And how those benefits can last well into Springtime!

Eastern Towhee (Pipilo erythrophthalmus)

Once you have heard the early springtime call of the Towhee, you won’t soon forget it. And the chances of you hearing this bird, and not ever seeing it, are very good. They are a ground dweller and are often hard to spot based on their preference for scrubby and brushy habitat with lots of hiding places. Though nearly as large (but not quite) as the American Robin, they are much less ubiquitous in the average suburban landscape. But their call is unmistakable whistled “Drink your teeee-aaaa!”

However, given their preferred ground-forager habits…I wanted to experiment a little bit in my fall garden, and make a winterized garden bed that, come spring, maybe, just maybe, (with a sprinkle of luck) one of these guys will come along and utilize a little patch of my yard that I covered in leaves. I covered most of the rear garden bed in a layer of Silver Maple and Sweet Gum leaves from nearby trees. A winter blanket of sorts.

About 4 years ago I remember seeing the bird, on the ground, close to our house for a hot minute. But since that time, my encounters since have been solely audible. (While the photo I posted above was taken on a wooded trail, about twenty minutes away from my house.)
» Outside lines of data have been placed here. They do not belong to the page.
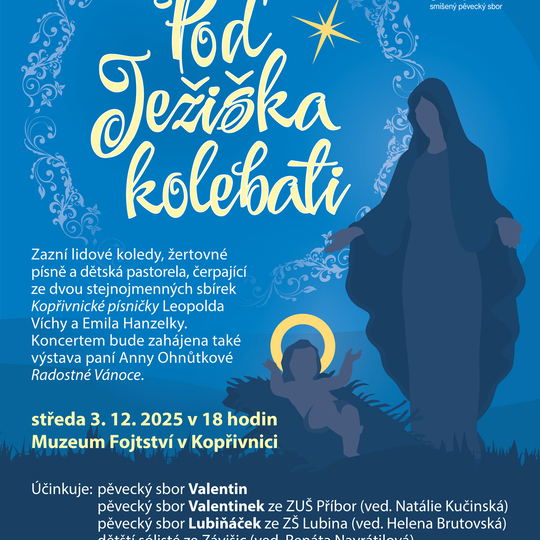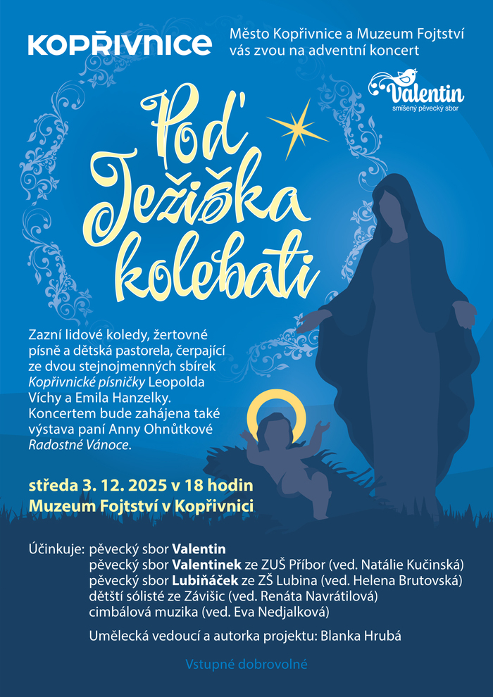 Program nabídne regionální koledy a písně z okolí Kopřivnice i Příbora, inspirované sbírkami Emila Hanzelky a Leopolda Víchy. Spolu se sborem vystoupí i dětské soubory Valentinek, Lubiňáček a zpěváci ze Závišic, kteří představí novou dětskou pastorelu Poď Ježiška kolebati. Koncert navodí atmosféru adventu i radostného očekávání Vánoc.
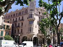 The Gran Hotel is a former historic hotel in Palma de Mallorca, in Spain. It is part of the historic centre of the city.[1] The hotel was designed by Lluís Domènech i Montaner and completed in 1903. Today the building has been converted into a cultural center, home to the Fundación la Caixa. It contains a permanent exhibition of paintings by Anglada Camarasa. The building is one of the most important examples of Modernisme on the island, with a facade lavishly decorated with sculptures and ceramics.
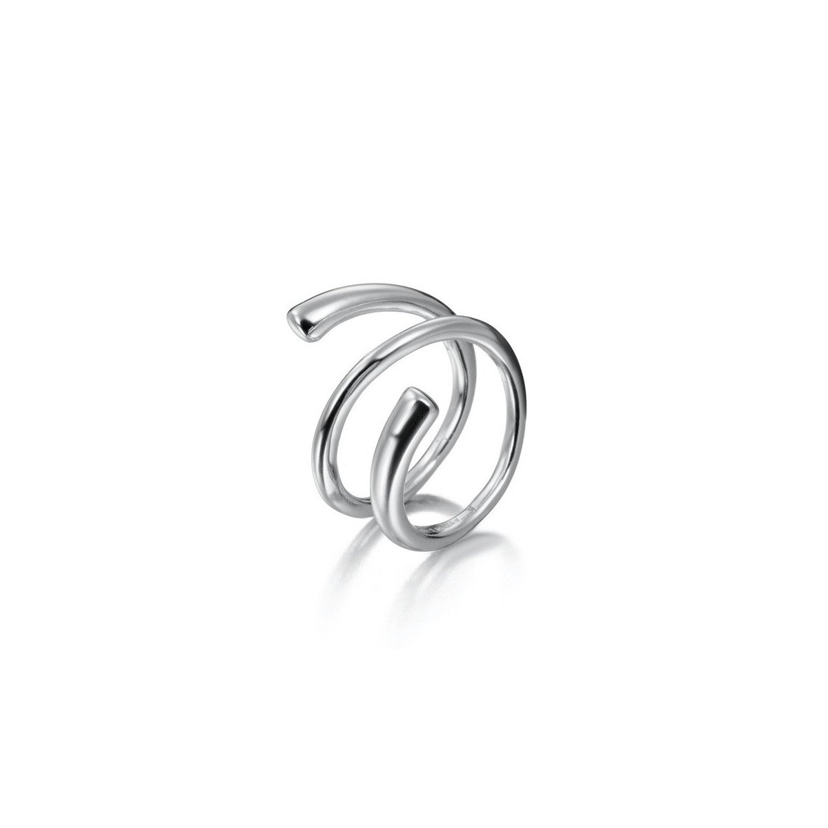 El acabado brillo realza la pureza de la plata y acentúa el juego de reflejos sobre las superficies redondeadas del diseño. La pieza combina volumen y ligereza, aportando un carácter escultórico que define una estética contemporánea.
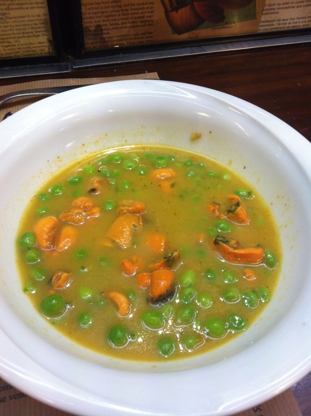 12) put broth back into a pan and simmer for a few minutes. add reserved muscles and fresh peas (frozen will do if that’s all you can get) and cook for 1-2 minutes more, if using fresh peas. if using frozen peas, take off heat almost immediately, so peas still have a bit of crunch to them. serve hot with baguette.
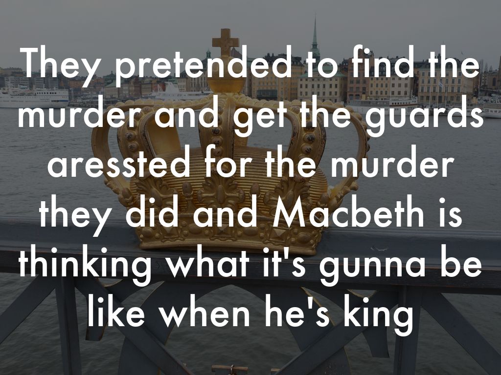 They pretended to find the murder and get the guards aressted for the murder they did and Macbeth is thinking what it's gunna be like when he's king
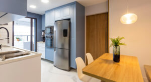 Com móveis sob medida, você pode transformar “espaços perdidos” em soluções úteis. Sabe aquele vão entre a geladeira e a parede? Ele pode virar uma despensa vertical com trilho deslizante.
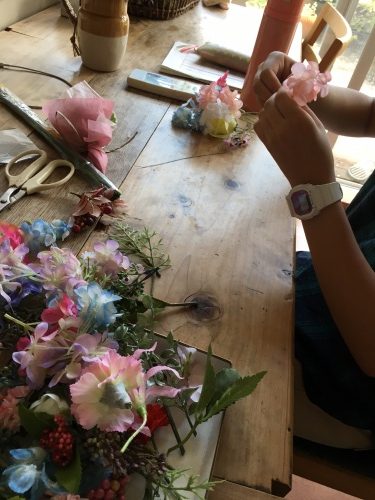 コツを掴んだNさん、タイプの違うお花も自分で考えて工夫してこなしていました。
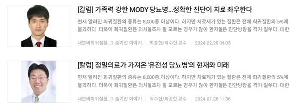 희귀질환위원회는 코리아헬스로그 연재 「내분비 희귀질환, 그 숨겨진 이야기」를 통해 진단이 쉽지 않은 희귀 내분비질환을 지속적으로 소개하고 있습니다. 2024년 1–2월에는 서울대병원 곽수헌 교수, 건국대병원 최종한 교수께서 유전성 당뇨병(MODY)을 주제로 두 편의 칼럼을 집필해 주셨습니다. 컬럼 내용은 GCK-MODY, HNF1A-MODY 등 단일유전자당뇨병 아형의 특징과 치료의 차이를 실제 사례 중심으로 설명되었으며, , 유전자 기반 진단이 불필요한 치료를 줄이고 환자·가족의 관리 방향까지 바꿀 수 있음을 강조했습니다. 의료현장에서 흔히 놓치기 쉬운 MODY의 핵심 감별 포인트를 명확하게 정리해 주셨습니다. 바쁜 일정에도 귀중한 내용을 작성해주신 두 교수님께 다시 한번 더 깊이 감사드립니다. 자세한 내용은 Korea Health Log 연재 페이지(https://www.koreahealthlog.com/news/articleList.html?sc_sub_section_code=S2N50&view_type=sm)에서 확인하실 수 있습니다.
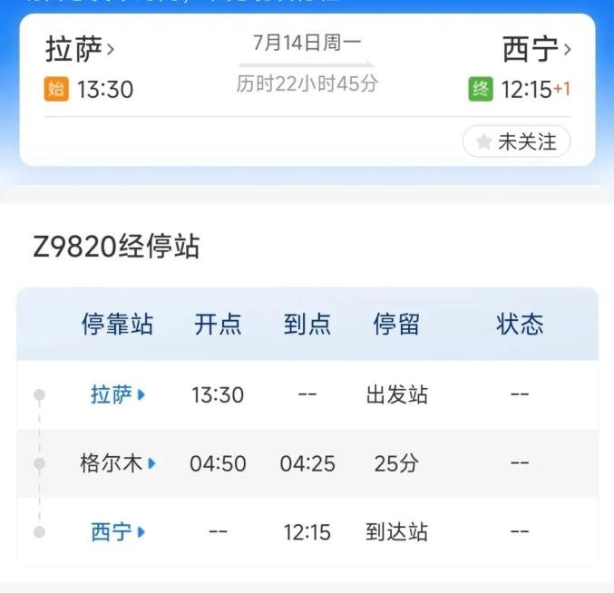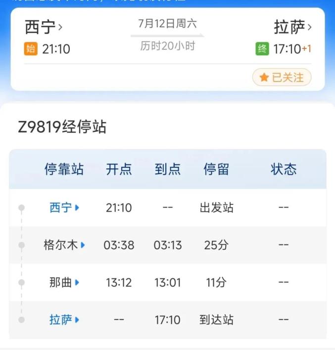 7月12日西寧至拉薩間Z9819次旅客列車運(yùn)行時(shí)刻及客運(yùn)辦理站如下:
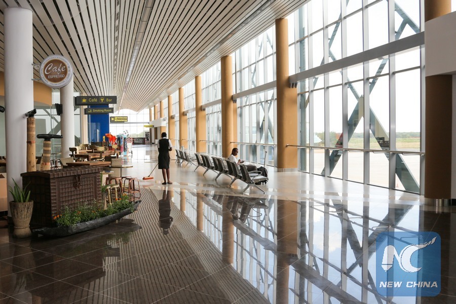 An airport worker goes about her work at the new terminal of the Victoria Falls Airport, Zimbabwe, Dec. 11, 2015. The Chinese-contracted airport project, backed by 150 million U.S dollars concessional loan from China Exim Bank, was completed in December. The expansion enables the airport to accommodate most long-haul, wide-body aircraft to Africa's most celebrated waterfalls, the Victoria Falls. (Xinhua/Wang Yue)
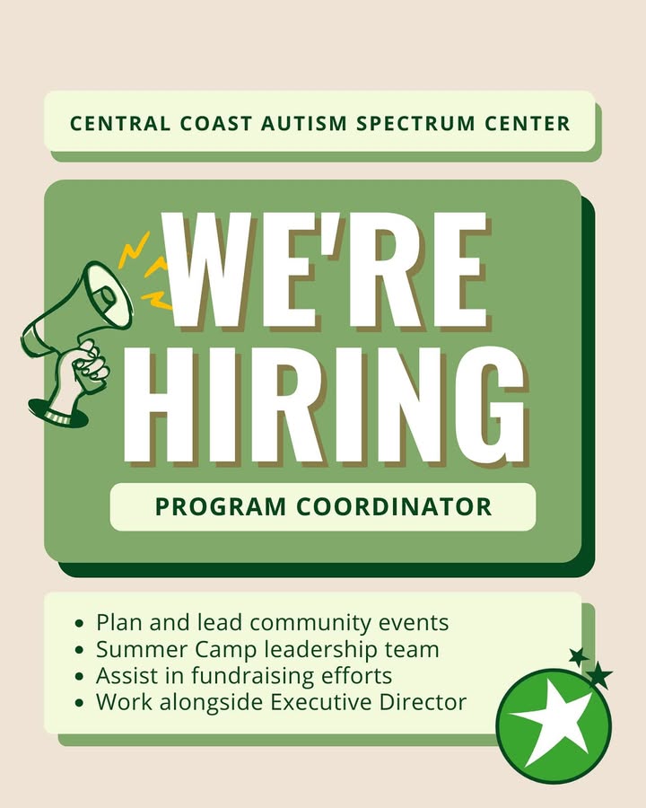 This is a part-time position with a small passionate team! Come help make a difference in the lives of individuals with autism and their families. Send resume to cspears@sloautism.org. Accepting applications through June 9, 2025. Help us build a more inclusive Central Coast, one program at a time! 💚 (fb)
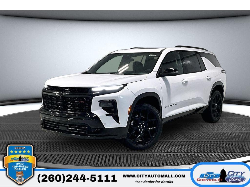 2026 Chevrolet Traverse AWD RS ready in Columbia City, IN combines sporty style, confident all-wheel-drive capability, and efficient performance from its 4-cylinder 2.5L gasoline engine. This midsize SUV delivers responsive handling and the versatility families want, with room for passengers and cargo plus advanced tech for every drive. Inside, premium leather seats provide comfort for long trips while the heated steering wheel keeps you cozy in cold Indiana mornings. Built-in navigation guides you smoothly to appointments, and the back-up camera simplifies parking and tight maneuvers. Seamless hands-free Bluetooth keeps calls and audio connected without taking your focus off the road. This Chevrolet Traverse RS stands out with athletic RS styling, generous interior space, and modern convenience features that enhance everyday driving. Whether commuting, running weekend errands, or heading out of town, the AWD system adds traction and confidence in variable weather. Located in Columbia City, IN, this 2026 Chevrolet Traverse AWD RS is competitively priced and advertised as the best price available excellent value for the feature set and condition. Schedule a test drive today to experience the blend of performance, comfort, and technology this SUV offers. Don't miss a chance to own a well-equipped Chevrolet Traverse RS at an unbeatable price.
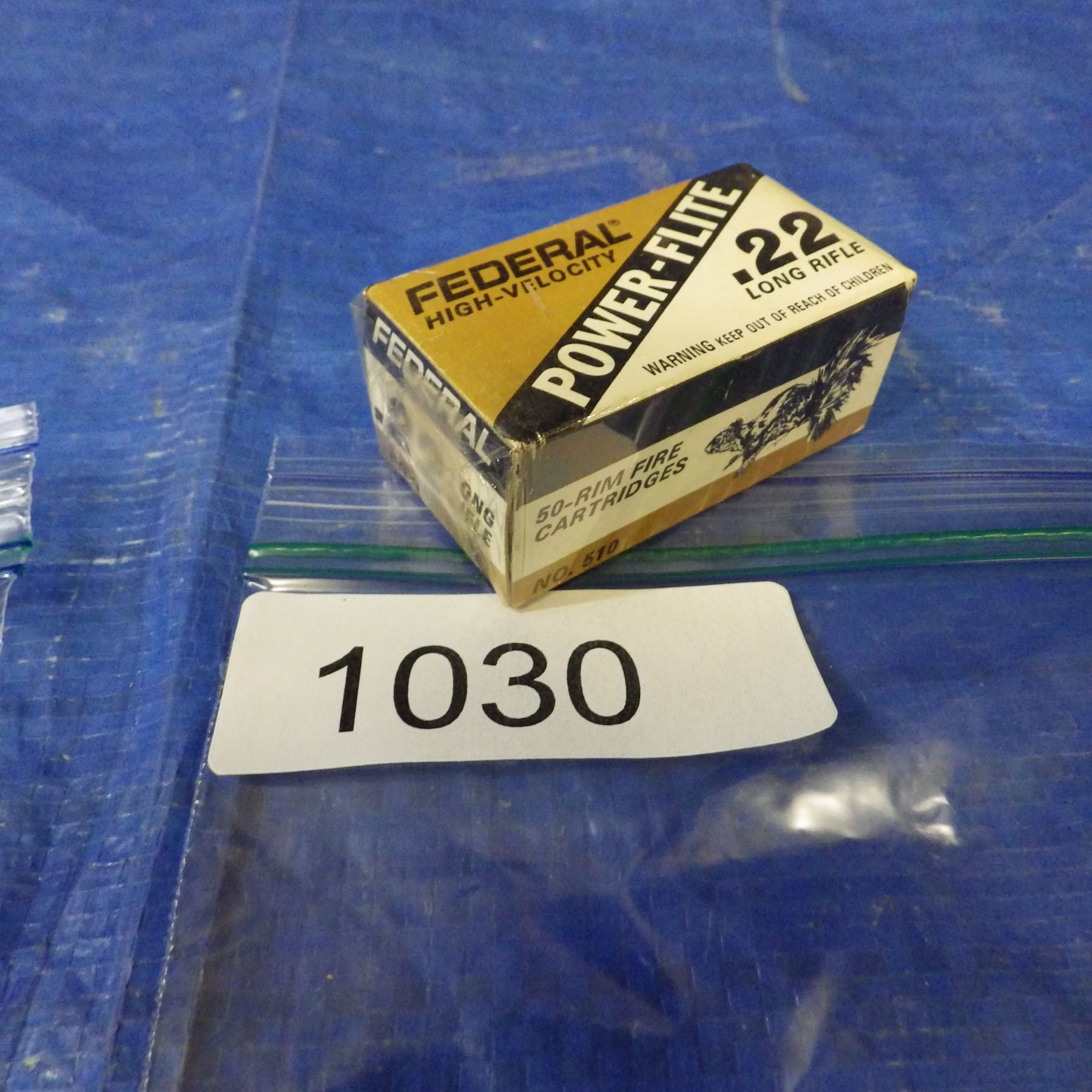 Lot 1030 COLLECTOR BOX OF .22 AMMO -- count and contents not confirmed.

The leaves offer a textured appeal to the garden. While I don’t expect the bird to build a nest and grace me with his presence every day in the next breeding season, I do expect a short pop over. A quick visit just long enough for me to grab a photograph. Their song is striking, but so are the colors they sport. A unique reddish brown eye, and stark black and white plumage with a splash of rusty auburn. The female, just slightly more toned down and less showy than the male.

In the two photos below, you can see how I added texture to the garden, simply by transporting wheelbarrows full of leaves from nearby trees. I honestly did not think I would have enjoyed the end result as much as I did. But I think the winterized garden is just as visually appealing to look at, even without any flowers in bloom.

I certainly have high hopes for the Eastern Towhee in a few months. But even still, the look is much better. The garden bed has a blanket of leaves, in several warm colors, inviting the winter to settle in. Winter is all about slowing down, and on my couch, with the right blanket and the right book, I may not move for hours.